AWS Lambda, now just over 10 years old, is serverless functions that run your code. You can use Lambda to run code without provisioning or managing servers. When using Lambda, you are responsible only for your code. Lambda manages the compute fleet that offers a balance of memory, CPU, network, and other resources to run your code. A Lambda function is a piece of code that runs in response to events, such as a user clicking a button on a website or a file being uploaded to an Amazon S3 bucket. When a function runs in response to an event, Lambda runs the function’s handler function. Lambda invokes your function in an execution environment, which provides a secure and isolated runtime environment. When a function is first invoked, Lambda creates a new execution environment for the function to run in. This is called a “cold start”. After the function has finished running, Lambda doesn't stop the execution environment right away; if the function is invoked again, Lambda can re-use the existing execution environment. This is called a “warm start”.

To summarise then: a cold start refers to the initial execution of a function when it needs to fully initialize its runtime environment, leading to a noticeable delay, while a warm start occurs when a function is invoked again while its execution environment is already active, resulting in a much faster response time because it doesn't need to go through the initialization process again; essentially, a cold start is like starting a car from completely off, while a warm start is like restarting a car that's already running.
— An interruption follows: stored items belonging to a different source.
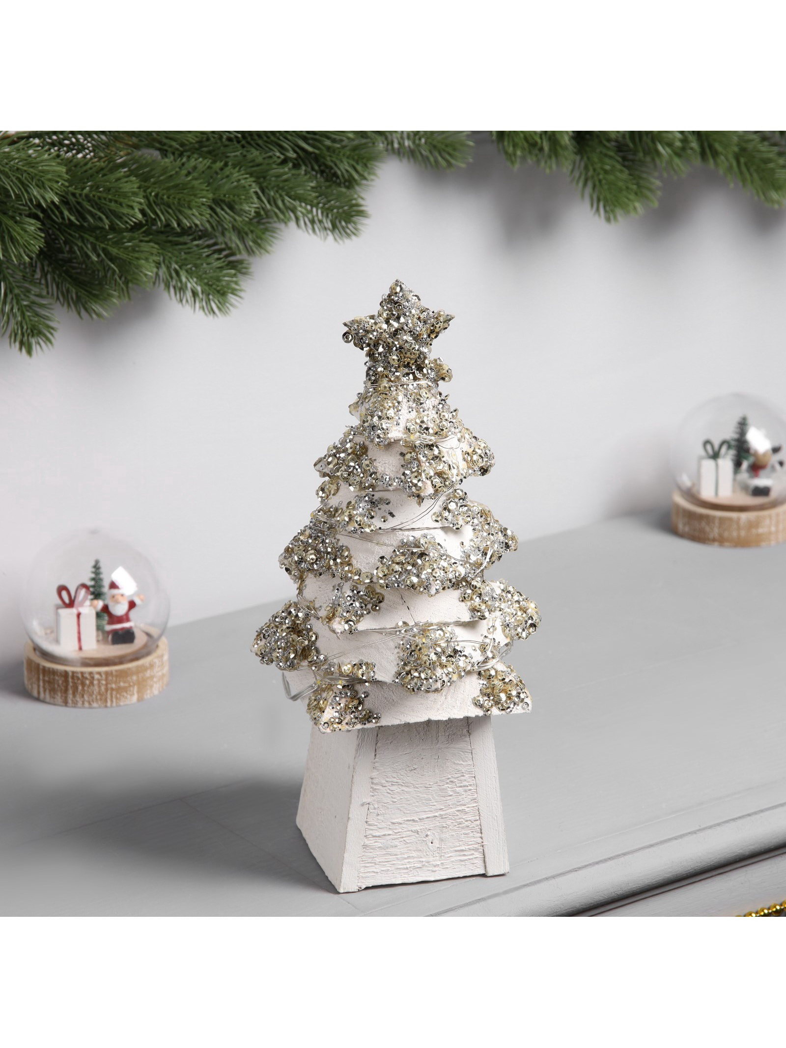 Фигура деревянная "Ёлочка белая", 27x14x14 см, 35 LED, от батареек AAx2, свечение тёплое белое, 27x14x14 см., Luazon Lighting, Китай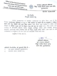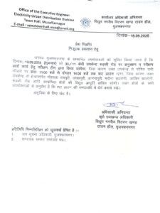 मुजफ्फरनगर के विद्युत विभाग द्वारा जारी की गई सूचना जिसमें प्रशिक्षण कार्य के अंतर्गत विद्युत आपूर्ति रहेगी बाधित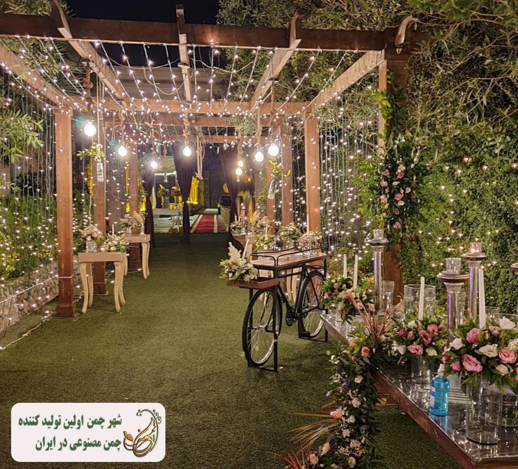 - تزیین بخش هایی مانند جایگاه عروس و داماد با استفاده از طرح های خاص چمن مصنوعی با رنگ های متنوع.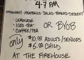 $10/ adult; $5/child. Spaghetti, meatballs, salad, bread and dessert; lemonade, iced tea, coffee/tea (or BYOB).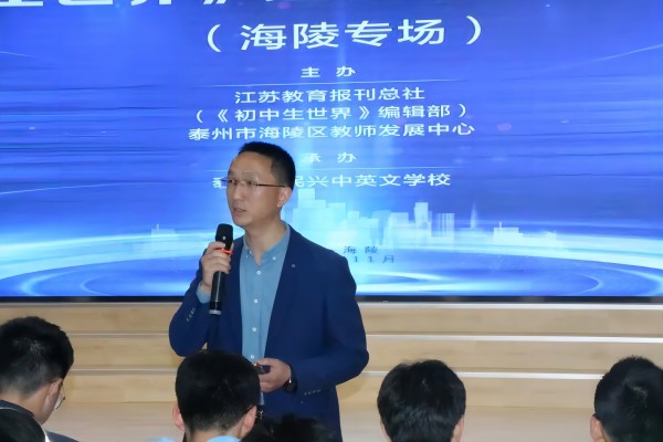 秋雨寒意浓,送教暖人心。11月9日,由《初中生世界》编辑部和海陵区教师发展中心主办的校园公益送教活动在泰州市民兴中英文学校阶梯教室举行,参加此次盛会的有来自海陵区各年级语文备课组长、海陵区2015年后入职教师、海陵区初中语文名师工作室成员、海陵区乡村骨干教师培育站学员以及泰州市民兴中英文学校初中部全体语文教师。泰州市民兴中英文学校副校长王毅主持活动,他向与会人员隆重介绍了送教专家韦存和老师,同时对海陵区初中语文研训员钱萍及各位语文老师的到来表示了热烈的欢迎。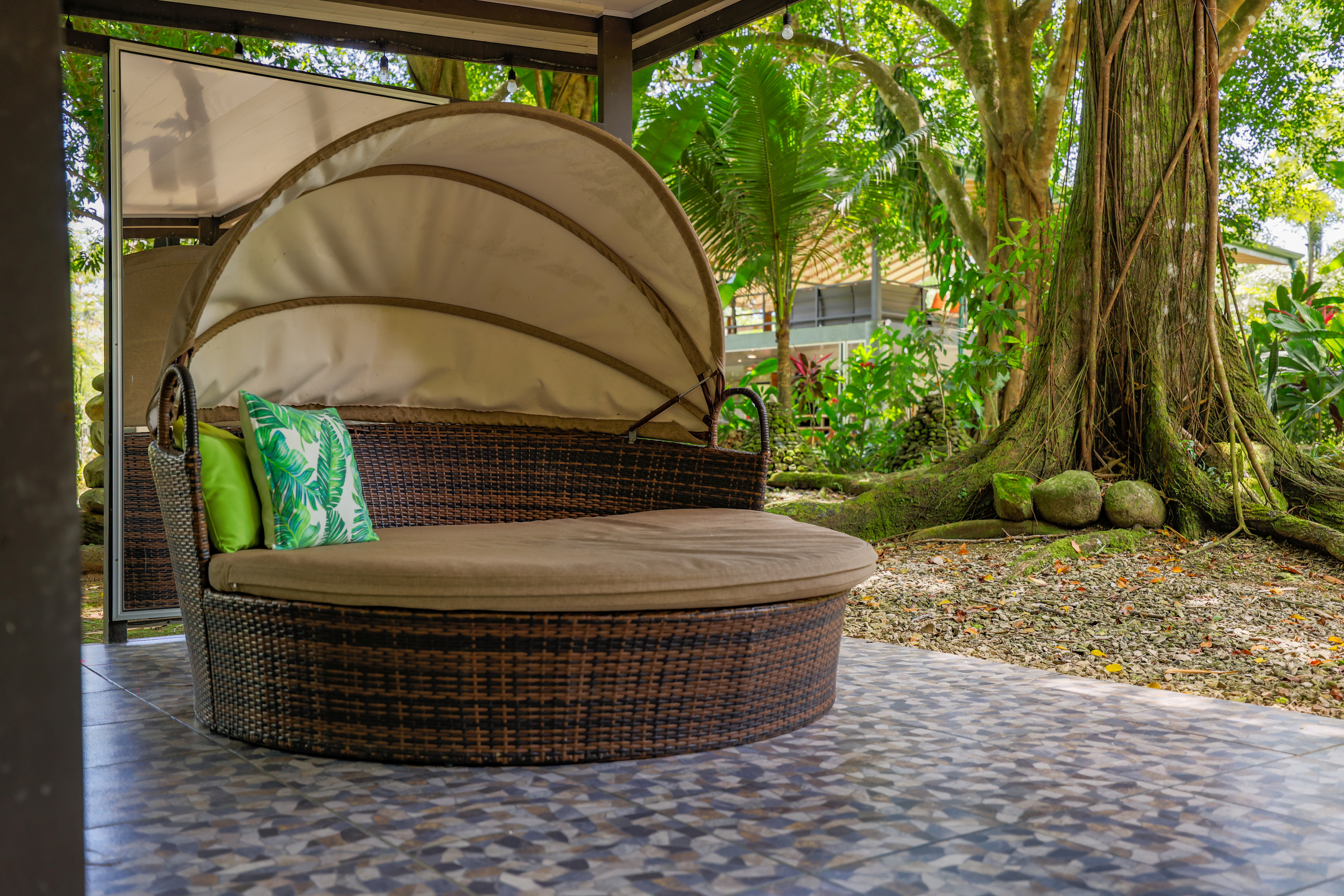 Practice yoga on the expansive open-air 360° yoga deck, equipped with mats, blocks, straps, bolsters, blankets, and aerial yoga slings. The space invites you to deepen your practice amidst the sights and sounds of the tropical rainforest. Refresh yourself in the chemical-free saltwater pool, surrounded by tropical beauty.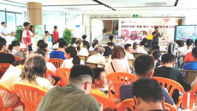 8月15日,一年一度的南国书香节盛大启幕。当天下午,南国书香节江门分会场重点活动——“书香 + 咖啡”主题阅读分享会在图书馆阅读休闲连廊火热开场。活动由开云电竞官方网站图书馆主办,江门时衡餐饮有限公司协办,现场人气高涨、氛围热烈。活动巧妙融合文学分享、精品咖啡品鉴、诗词朗诵及有奖竞答等环节,以咖啡激活阅读味蕾,以书香沉淀生活芬芳,为亲子家庭带来一场沉浸式“书咖”对话。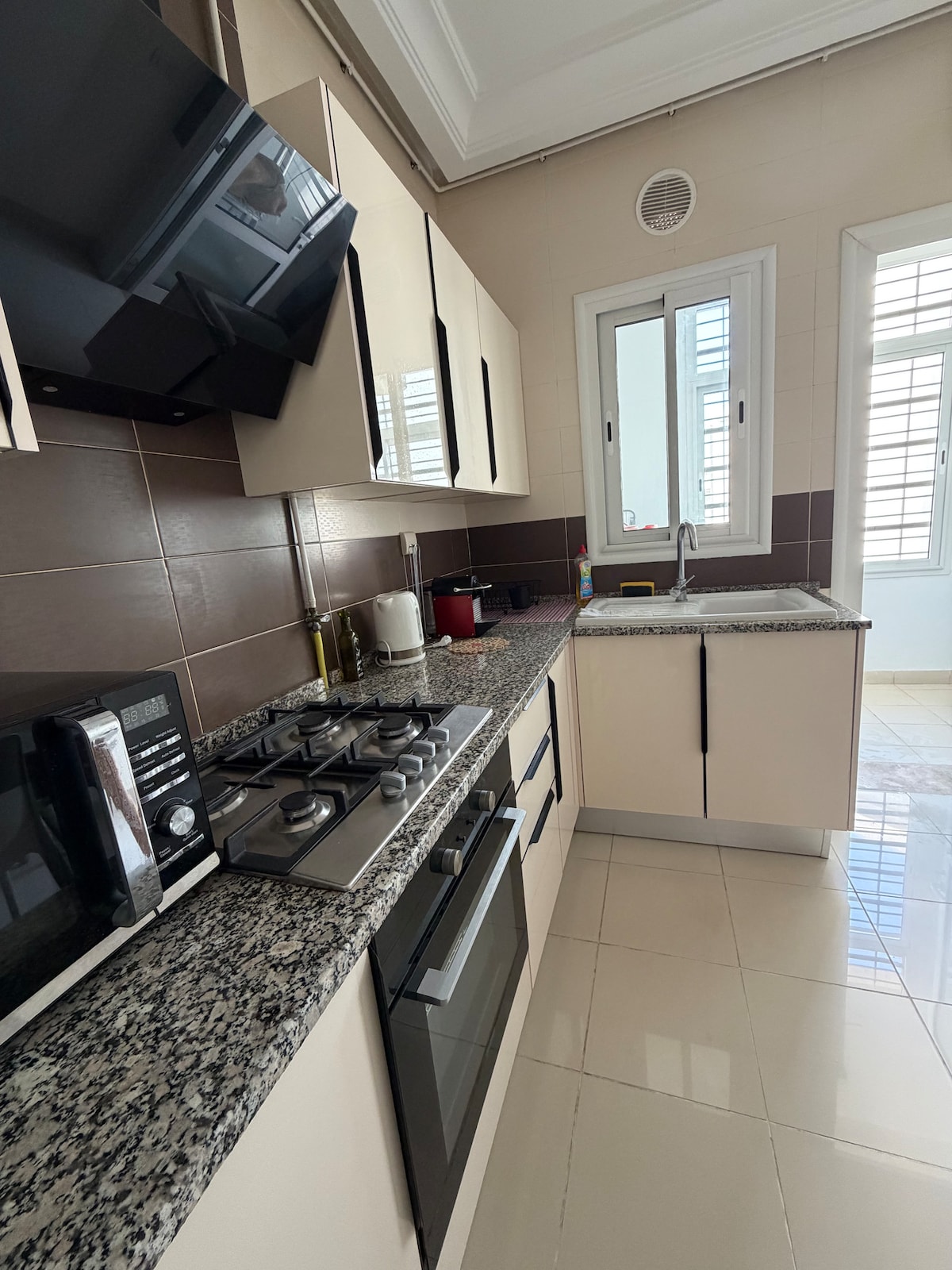 New S+2 apartment on the 1 st floor, modern and bright in the heart of Hay Wahat Laouina next to the Carrefour Express and Ben Yaghlen. Located 15 minutes from the airport. The apartment is composed of a comfortable living room, 2 bedrooms, a well-equipped kitchen and a modern bathroom. The residence is guarded 24 hours a day and equipped with double elevators. Enjoy with your family this fabulous place that offers good times in perspective.
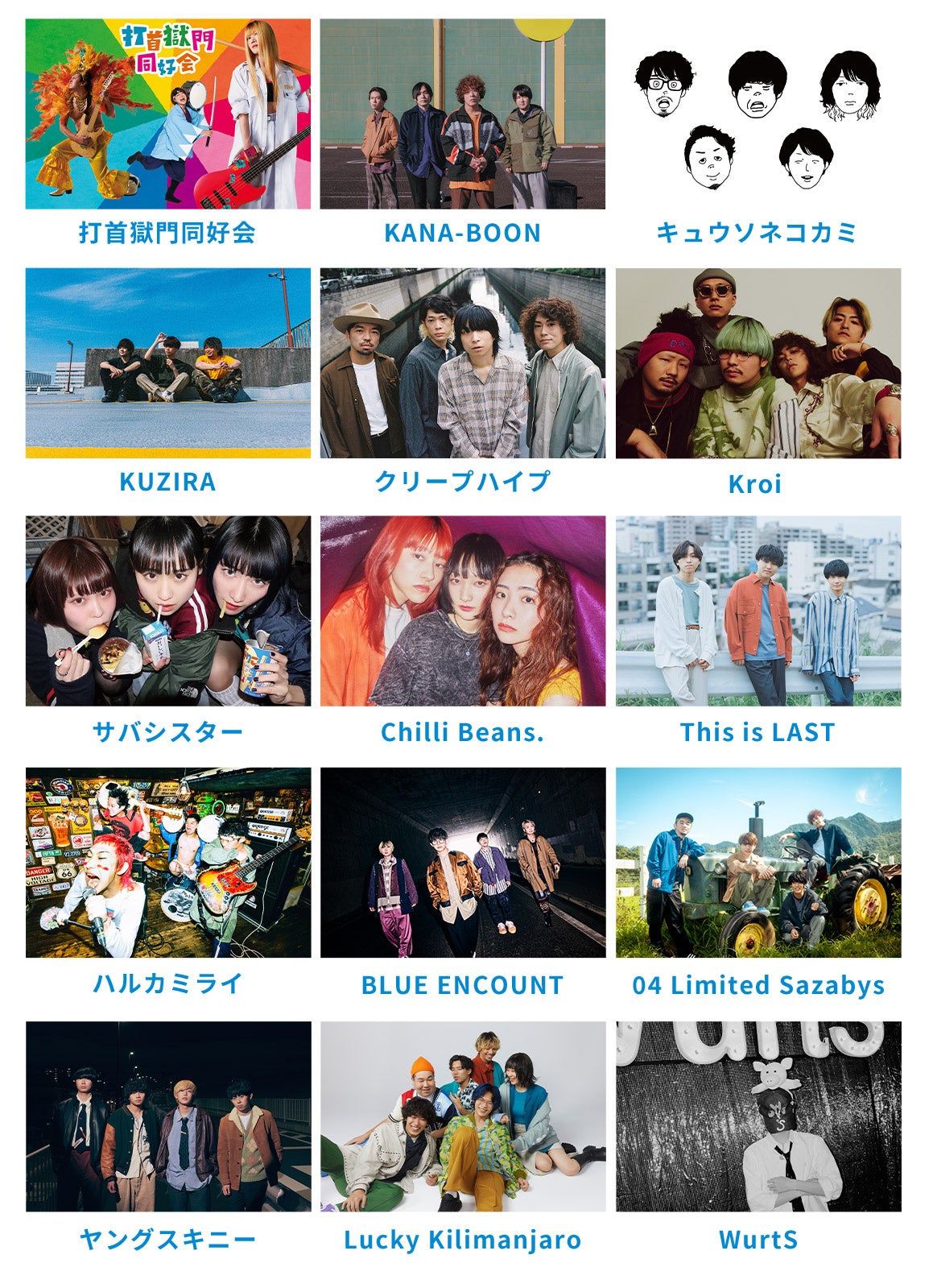 打首獄門同好会/KANA-BOON/キュウソネコカミ/KUZIRA/クリープハイプ/ Kroi /サバシスター/Chilli Beans./This is LAST/ハルカミライ/BLUE ENCOUNT/04 Limited Sazabys/ヤングスキニー/Lucky Kilimanjaro/WurtS/他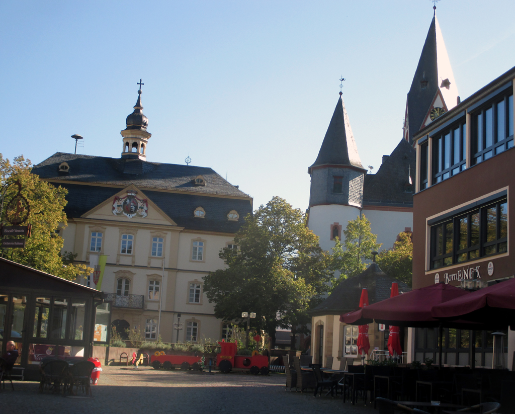 Wir starten unsere in der nächsten Folge näher beschriebenen Erkundungen, folgen dabei weitgehend den Vorschlägen, die uns Laura Heine für drei Tage unterbreitet hat. Erster Tag: Besuch Salinental, Kurviertel und Brückenhäuser in Bad Kreuznach, anschließend Weinprobe auf dem Gut. Zweiter Tag: Wanderung im Rahmen der „Vitaltour Geheimnisvoller Lemberg“. Dritter Tag: Ausflug nach Idar-Oberstein mit Besichtigung von Felsenkirche, Edelsteinmuseum sowie Europas einziger, für Besucher freigegebener Edelsteinmine Steinkaulenberg in der Nähe. Selber nehmen wir uns noch das Freilichtmuseum Bad Sobernheim mit Vorstellung von vier Dörfern samt restaurierten historischen Häusern aus den verschiedenen Regionen von Rheinland-Pfalz vor sowie den insgesamt fast 330 Meter hoch aufragenden, von der Nahe geschaffenen Rotenfels bei Bad Münster am Stein, dessen mächtige, fast 202 Meter hohe und 1200 Meter lange Felswand immerhin als größte Steilwand zwischen den Alpen und Skandinavien gelten soll. Mal sehen, ob wir im Soonwald, ebenfalls nicht weit von der Nahe, die nach dem „Schinderhannes“ benannte Höhle des um 1800 dort sein Unwesen treibenden Räubers Johannes Bückler zeitlich noch schaffen ...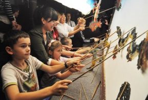 同校の児童約200人が、主題に沿ったオリジナル作品を作り上げて展示したほか、催し会場でも児童たちが絵画や粘土作品など様々な表現方法を用いて作り上げた思い付き満載の「海の家」を発表した。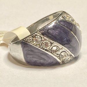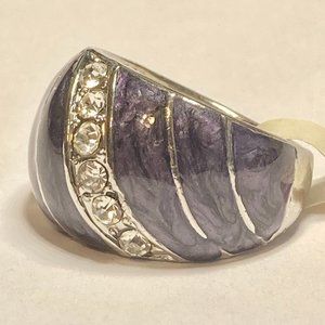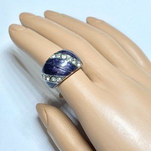 Vintage Purple Enamel Cocktail Ring Silver Plated Crystal Rhinestone Size 7 Boho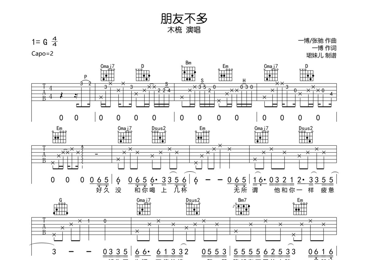 木梳《朋友不多》吉他谱 - G调弹唱六线谱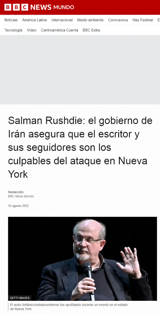 Una vez más en las noticias del atentado a Rushdie pesaban la nacionalidad y el credo del atacante, de hecho, eso era lo más dicho. Se hablaba de que la fatua contra el artista estaba vigente, si bien en una especie de moratoria. Se fabricó de tal forma una especie de fantasma eterno que criminaliza a todo el Islam. La libertad de creación contra el oscurantismo, Occidente contra Oriente, civilización versus barbarie. Todos los prejuicios posibles caben en las mentiras mediáticas, todas las matrices de opinión sacadas a partir de un lamentable suceso, de un crimen con el cual nadie está de acuerdo. Pero no existe una culpa colectiva de toda una civilización en torno a la vida azarosa de Rushdie. El fantasma inflado no abarca la totalidad del Islam.

To see this practically, lets start with my Telegram Bot, which is deployed using AWS SAM as IaC, to deploy this serverless application. Prior to enabling SnapStart, this is how a cold start looked like CloudWatch Logs:

Using this Cloudwatch Log Insights snippet, we confirm that the cold start took just over 2 seconds:

SnapStart

There are various ways to reduce or minimise the impact of cold starts. One of those is Lambda SnapStart, which initializes your function when you publish a function version. Lambda takes a Firecracker microVM snapshot of the memory and disk state of the initialized execution environment, encrypts the snapshot, and intelligently caches it to optimize retrieval latency.
When you invoke the function version for the first time, and as the invocations scale up, Lambda resumes new execution environments from the cached snapshot instead of initializing them from scratch, improving startup latency. Lambda SnapStart is designed to address the latency variability introduced by one-time initialization code, such as loading module dependencies or frameworks. These operations can sometimes take several seconds to complete during the initial invocation. Use SnapStart to reduce this latency from several seconds to as low as sub-second, in optimal scenarios.

Lambda execution environment lifecycle

SnapStart was introduced in Nov 2022 for Java only. Two years later, in Nov 2024, SnapStart for Python (and .NET) was released.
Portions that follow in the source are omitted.